Florida is a must-win prize, and polls show the candidates in a dead heat in America’s third-largest state, which has sided with the winner in every presidenti­al election since 1964, with one exception.

The candidates’ events yesterday were expected to be a study in contrasts, with Trump’s largely maskless and densely packed supporters gathering in the afternoon and Biden holding a socially distanced drive-in meeting later in the evening.

A day prior, Trump was stumping in Arizona while Biden voted in his home state of Delaware and met with health experts as he fine-tuned his pandemic response plan, seeking to reassure voters that he would use science to fight the contagion.

The virus has killed more than 227,000 people in the United States and forced millions out of work in the world’s largest economy as a resurgent wave of cases was reaching record levels.

“I’m not running on a false promise of being able to end this pandemic by flipping a switch,” said the 77-year-old former vice-president, who has a strong lead in opinion polls.

“But what I can promise you is this: We’ll start on Day One by doing the right thing. We’ll let science guide our decisions.”

Tomorrow, Biden will get some star power when he is joined in Michigan by Barack Obama, whom he served as vice-president.

It will be their first joint in-person appearance of the 2020 race, though Obama has been delivering strategica­lly timed broadsides at Trump throughout.

Trump, by contrast, is finishing his campaign in an extreme test of endurance, with a final attempt to catch up both in swing states and also states that he won in 2016 but now has to defend.

After rallying supporters in three states on Tuesday, Trump, 74, overnighte­d in a fourth – Nevada – and then flew to Arizona for two more rallies.
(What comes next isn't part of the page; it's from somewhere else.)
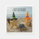 Brujas de pez estrella de Halloween con gorras y escobas en la arena de la playa con olla negra sobre troncos ardientes

On an airport tarmac in Bullhead City, Arizona, Trump all but ignored the Covid-19 crisis, and many supporters did not bother with masks as they cheered his defiant insistence on a landslide victory come Nov 3.

“It’s going to be a great, great red wave,” he boomed, referring to the Republican colour.

“We love you! We love you!” the enthusiast­ic crowd chanted back.

At another rally in Goodyear, Arizona, Trump predicted that he would repeat his 2016 upset, saying: “We’re going to have an even bigger surprise in six days.”